Norovirus was detected using a modified version of a duplex TaqMan real-time PCR [Reference Nordgren22] with genogroup I and genogroup II specific probes described earlier [Reference Kageyama23]. The primers used were NVG1f1b, NVG1rlux (without hairpin), NVG2flux1 (without hairpin) [Reference Nordgren22] and COG2R [Reference Kageyama23]. Genogroup I specific probe used was 5′-[6FAM]AGATYGCGRTCYCCTGTCCA[BHQ1] and genogroup II specific probe was 5′-[HEX]TGGGAGGGCGATCGCAATCT[BHQ1] [Reference Kageyama23].

For each reaction 2 μl of cDNA was added to a reaction mixture consisting of 10 μl iTaq Universal probes Supermix 2× (Bio-Rad, Solna, Sweden), 0.8 μl of forward primer (10 pmol/μl), 0.8 μl of reverse primer (10 pmol/μl), 0.4 μl of probe (10 pmol/μl) and 4 μl of RNase-free water to make a total volume of 20 μl. The real-time PCR was performed on a CFX96 (Bio-Rad) with the following cycling conditions: initial denaturation for 10 min at 95 °C followed by 45 cycles of 95 °C for 15 s and 60 °C for 1 min. Samples were run in duplicate together with positive and negative controls. Samples with cycle to threshold (Ct-value) ≤40 were considered positive.

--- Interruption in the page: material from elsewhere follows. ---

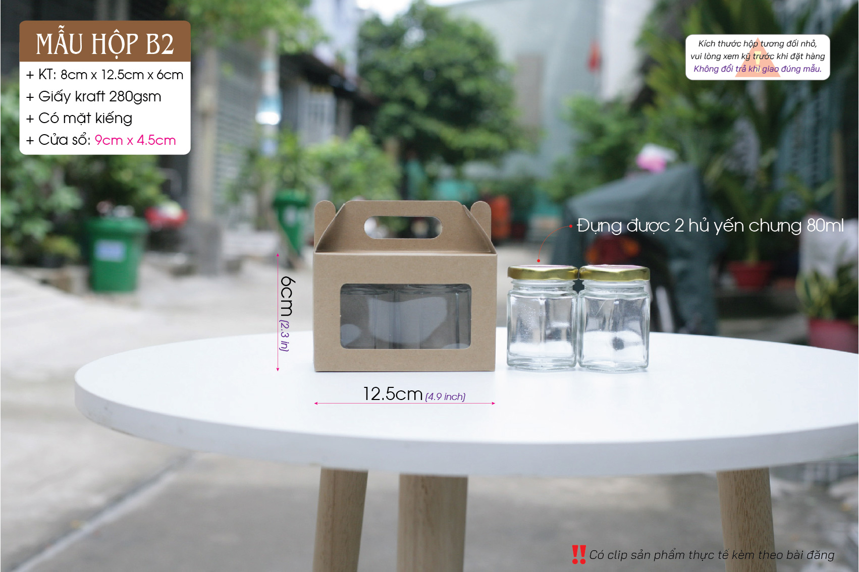 ** Hộp có kích thước nhỏ, thích hợp đựng bánh cookie, bánh kẹo và quà tặng có kích thước nhỏ. Hộp đựng được 2 hủ yến chưng 70ml -85ml.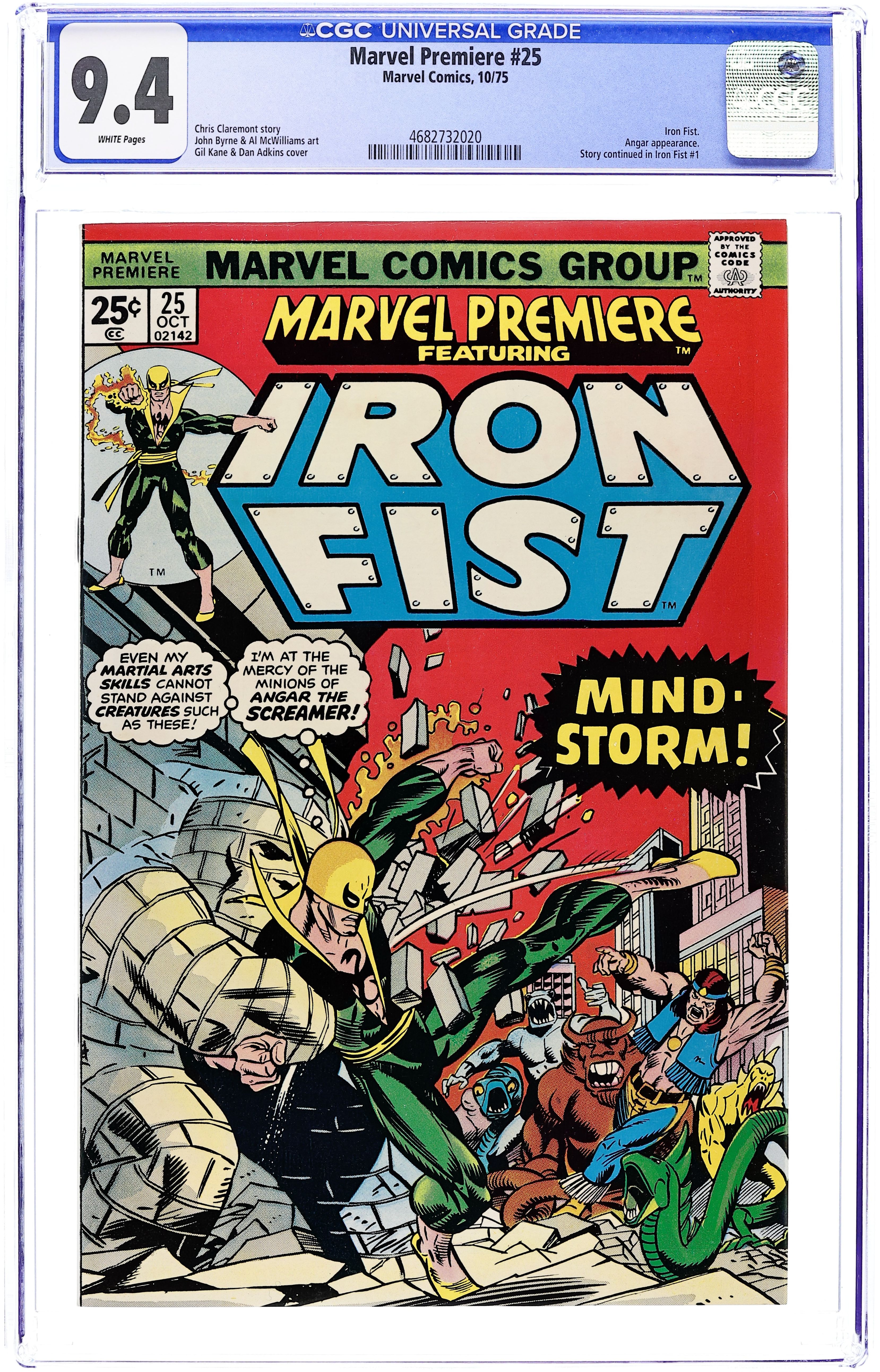Starts Later today Cover pencils by Gil Kane, inks by Dan Adkins. Morning of the Mindstorm!, script by Chris Claremont, pencils by John Byrne, inks by Al McWilliams; Iron Fist arrives at the Wings to discover Colleen missing and Lee raving like a mad man; Danny and Scarfe try to track down Colleen but are assaulted by illusions courtesy of Angar; Beating Angar down, Iron Fist discovers a Stark International i.d. card on the villain and figures the company is behind the disappearance of his friend. Continued in Iron Fist (Marvel, 1975 series) #1. The letters page contains Marvel Value Stamp series A # 6 (Thor by John Buscema). 36 pgs. $0.25. Cover price $0.25. Grade: CGC 9.4 explanation of grade Condition: Used (collectible)

Sequencing of the norovirus N-terminal and shell region

A 381 base pair fragment of the N-terminal and shell region of the capsid gene of norovirus was amplified using genogroup I specific primers NVGIF1b [Reference Nordgren22] and G1SKR [Reference Kojima24]. A total of 3 μl of cDNA and 0.75 μl of forward and reverse primers (10 pmol/μl) and RNase-free water were added to one Illustra PuReTaq Ready-To-Go PCR Bead (GE Healthcare, Uppsala, Sweden) to obtain a final volume of 25 μl. To amplify a corresponding fragment of the NS region of genogroup II, a semi-nested PCR is developed as follows: first round: a 378 base pair fragment was amplified using forward primer QNIF2 [Reference Loisy25] and reverse primer G2SKR [Reference Kojima24] and second round: a 344 base pair fragment was amplified using forward primer G2SKF [Reference Kojima24] and reverse primer G2SKR. For each reaction the same proportions of primers and PuReTaq Ready-To-Go PCR Bead (GE Healthcare) were used as described for genogroup I with 3 μl of cDNA added in the first round and 1 μl of PCR product added in the second round.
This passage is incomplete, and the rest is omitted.